§ **WORK TO COMPLETE**
When the line with "Green, black, and" comes up, set it down and every later line to the end of the data, exactly and without pictures.

BEGIN DATA TO USE

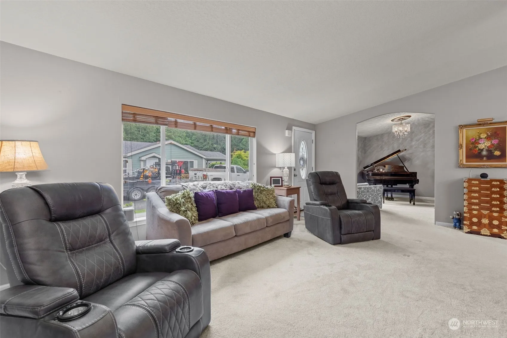 Discover this beautiful and meticulously maintained 3BR home in the desirable 55+ gated community of Golden Valley. Enjoy a private setting with a 2-car garage. Features include a spacious kitchen with pantry and breakfast bar, a family room with vaulted ceiling, and a primary bedroom with a luxurious 5-piece bath. All bedrooms have walk-in closets. The patio overlooks mature landscaping with a sprinkler system. Stay comfortable year-round with a heat pump and AC. Private walking trails lead to the river, and RV parking is available. Kitchen and bathrooms have been updated.
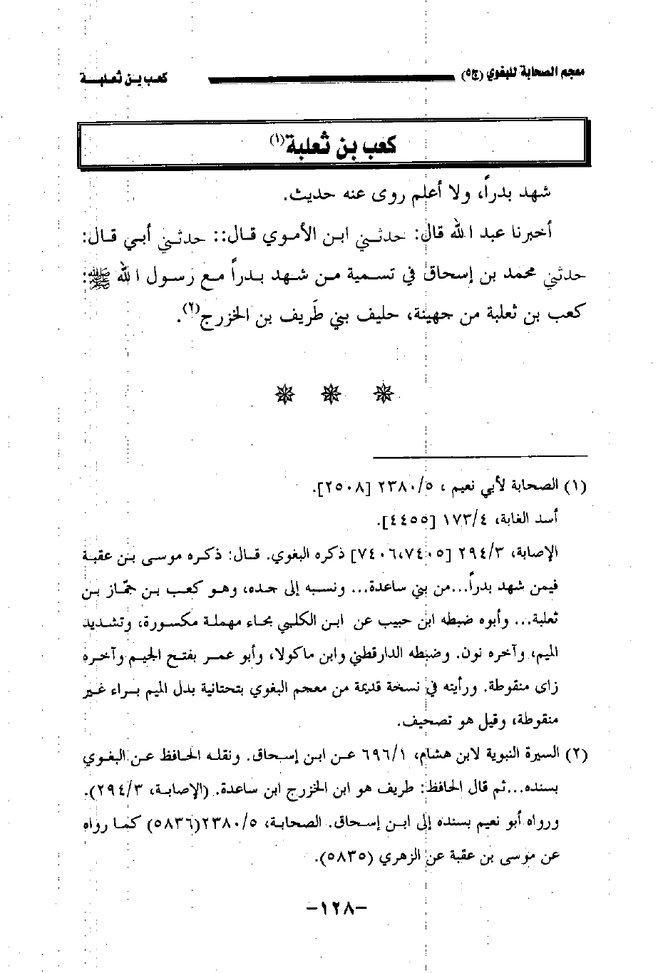 أخبرنا عبد الله قال حدثني ابن الأموي قال حدثني أبي قال: حدثني محمد بن إسحاق في تسمية من شهد بدرا مع رسول الله صلى الله عليه وسلم: كعب بن ثعلبة من جهينة حليف بني طريف بن الخزرج.
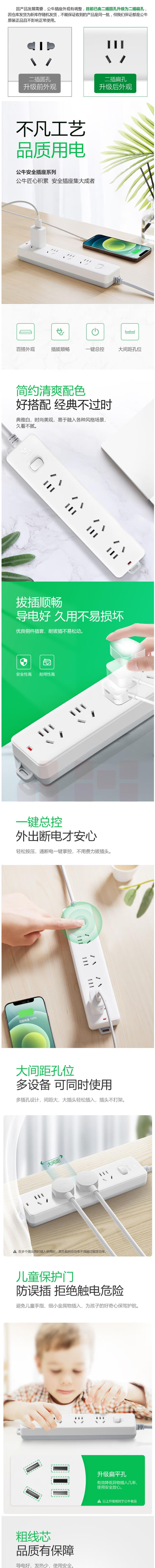 公牛GN-410 4位总控1.8米多位插座 接线板插排
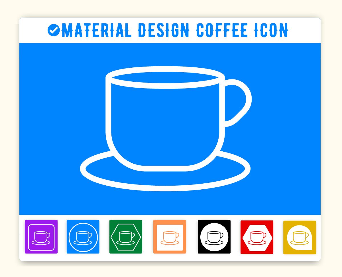 Coffee Icon is given below. You can use this icon on the same way in your project. First make sure you have added Material Icon library. If this library is added just add the HTML css class coffee to any element to add the icon. Material Design Coffee Icon can be resized as per your need. You can manage size of icon(coffee) by using font-size css style.
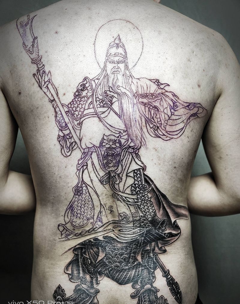 当前位置: 首页 >山西省太原市纹身店-太原翼龙刺青工作室纹身图案>关公盘龙纹身图片_背部新传统纹身图案
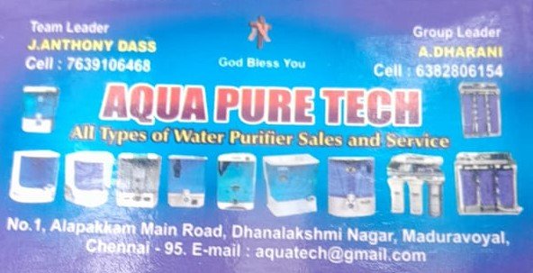 Aqua Pure Tech is promoted by Antonydass at Chennai. We work hard to provide excellent customer service to all our clients.
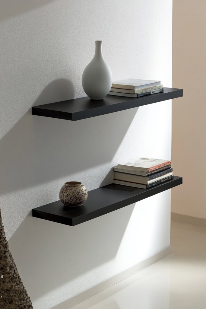 Imagine a row of minimalist wooden shelves holding candles, books, or small plants. The clean lines and open design make your walls look taller and more spacious. The shelves become a gallery for your favorite objects, adding interest and personality. It’s like creating a mini museum right in your home.
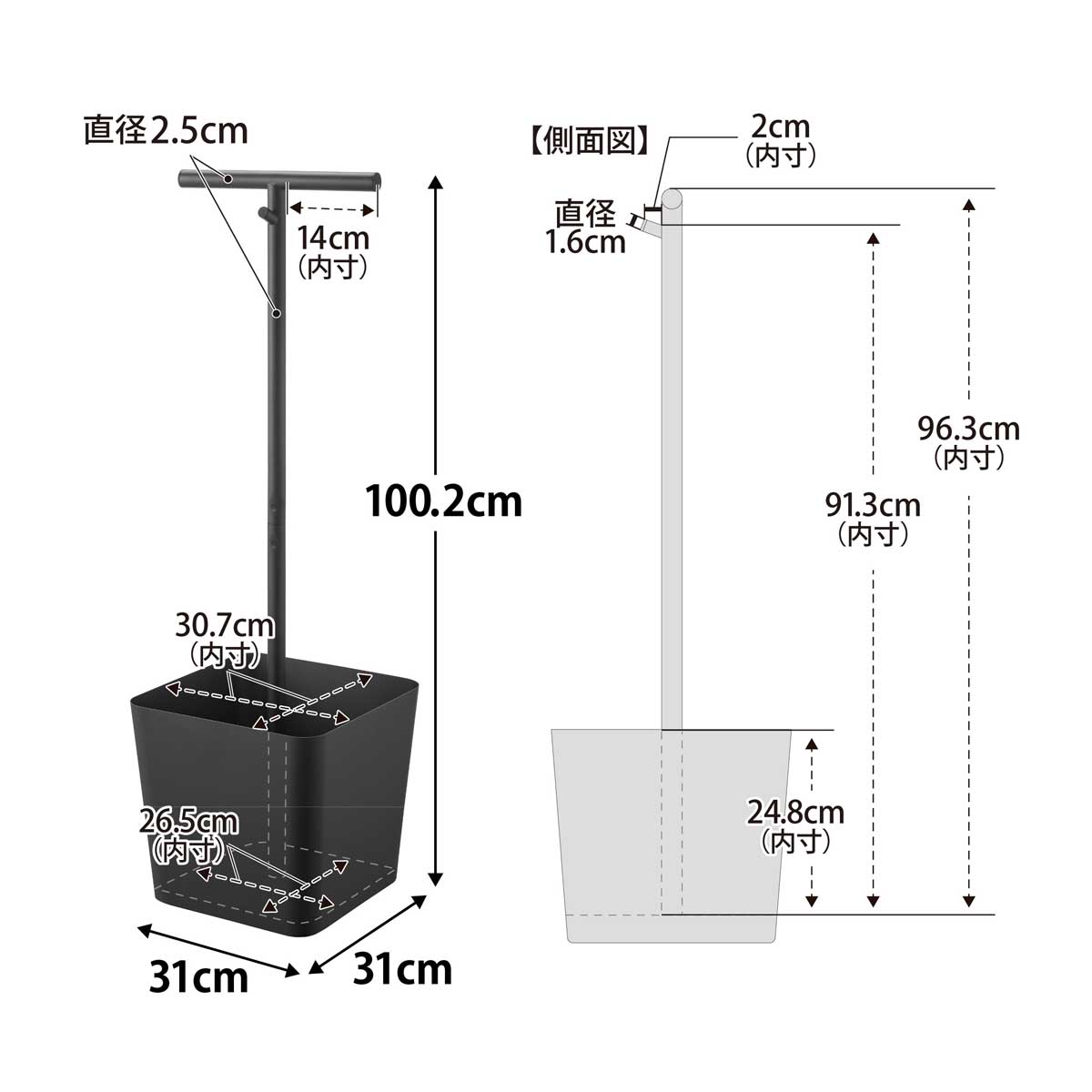 ・内寸サイズ:約W140xD25xH25mm(ハンガー片側あたり)/約W265xD265mm(バスケット底部)/約W307xD307mm H24.8cm(開口部)/約W16xD20mm(フック)
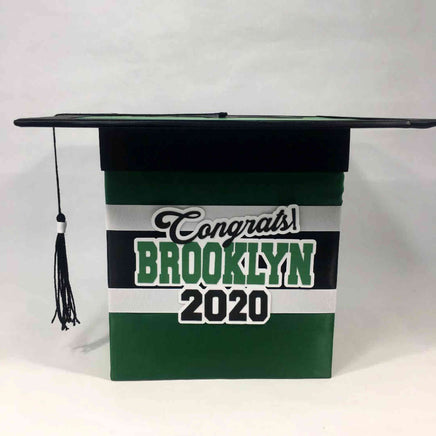Green, black, and white graduation cap style foldable card box with a tassel. Box is great for cards up to 5"x7", money, notes, and other well wishes. The top is made from chipboard and paper and can be used as a guest signing "sheet". Please consider the size of this box and the needs of your party. To avoid mistakes and misunderstandings, please read listing carefully. If something is not clear, please contact me with any questions.
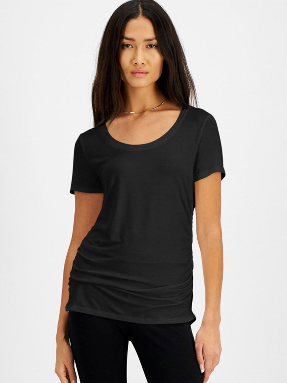 Women's Plain Solid Short Sleeve Top,Black
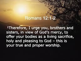 I learn from Scripture, in view of God’s mercy, I am to offer my body “as a living sacrifice, holy and pleasing to God—this is your true and proper worship.”
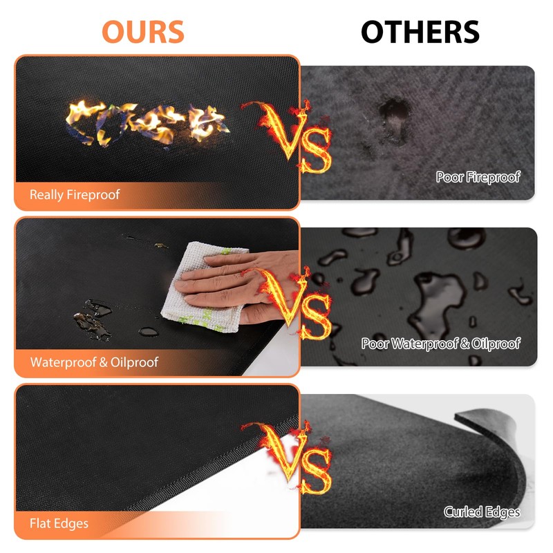 - Widely Used:Our grilling mat for outdoor grill placed in your garden, deck, patio, grass and other outdoor barbecue spots, It is suitable for multiple types of grills, such as charcoal grills, gas grills, oil fryers and smokers. It can also be used under the fire pit. It can also be used indoors, in front of your fireplace, as a fireplace mat
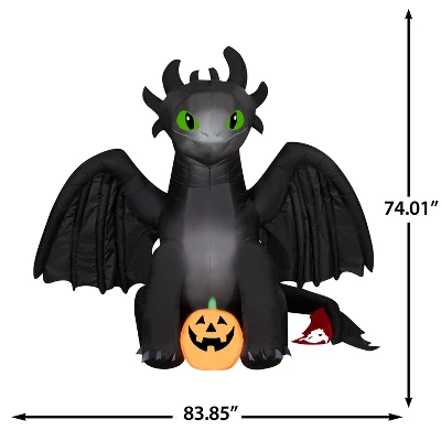 Fans of How To Train Your Dragon will love this Halloween Airblown® Inflatable Toothless! Our adorable Night Fury Toothless inflatable comes in all black with bright green eyes and includes a tiny jack-o’-lantern. He makes a spooktacular addition to your indoor or outdoor Halloween decorations. Setup is a snap for the easiest Halloween decorating ever. Just plug it in, stake it down and watch the magic unfold. Display this How To Train Your Dragon Halloween decoration as a standalone or combine it with other Airblown Inflatables to create a custom scene.

END DATA TO USE

§ **OUTPUT BELOW**
Green, black, and white graduation cap style foldable card box with a tassel. Box is great for cards up to 5"x7", money, notes, and other well wishes. The top is made from chipboard and paper and can be used as a guest signing "sheet". Please consider the size of this box and the needs of your party. To avoid mistakes and misunderstandings, please read listing carefully. If something is not clear, please contact me with any questions.
 Women's Plain Solid Short Sleeve Top,Black
 I learn from Scripture, in view of God’s mercy, I am to offer my body “as a living sacrifice, holy and pleasing to God—this is your true and proper worship.”
 - Widely Used:Our grilling mat for outdoor grill placed in your garden, deck, patio, grass and other outdoor barbecue spots, It is suitable for multiple types of grills, such as charcoal grills, gas grills, oil fryers and smokers. It can also be used under the fire pit. It can also be used indoors, in front of your fireplace, as a fireplace mat
 Fans of How To Train Your Dragon will love this Halloween Airblown® Inflatable Toothless! Our adorable Night Fury Toothless inflatable comes in all black with bright green eyes and includes a tiny jack-o’-lantern. He makes a spooktacular addition to your indoor or outdoor Halloween decorations. Setup is a snap for the easiest Halloween decorating ever. Just plug it in, stake it down and watch the magic unfold. Display this How To Train Your Dragon Halloween decoration as a standalone or combine it with other Airblown Inflatables to create a custom scene.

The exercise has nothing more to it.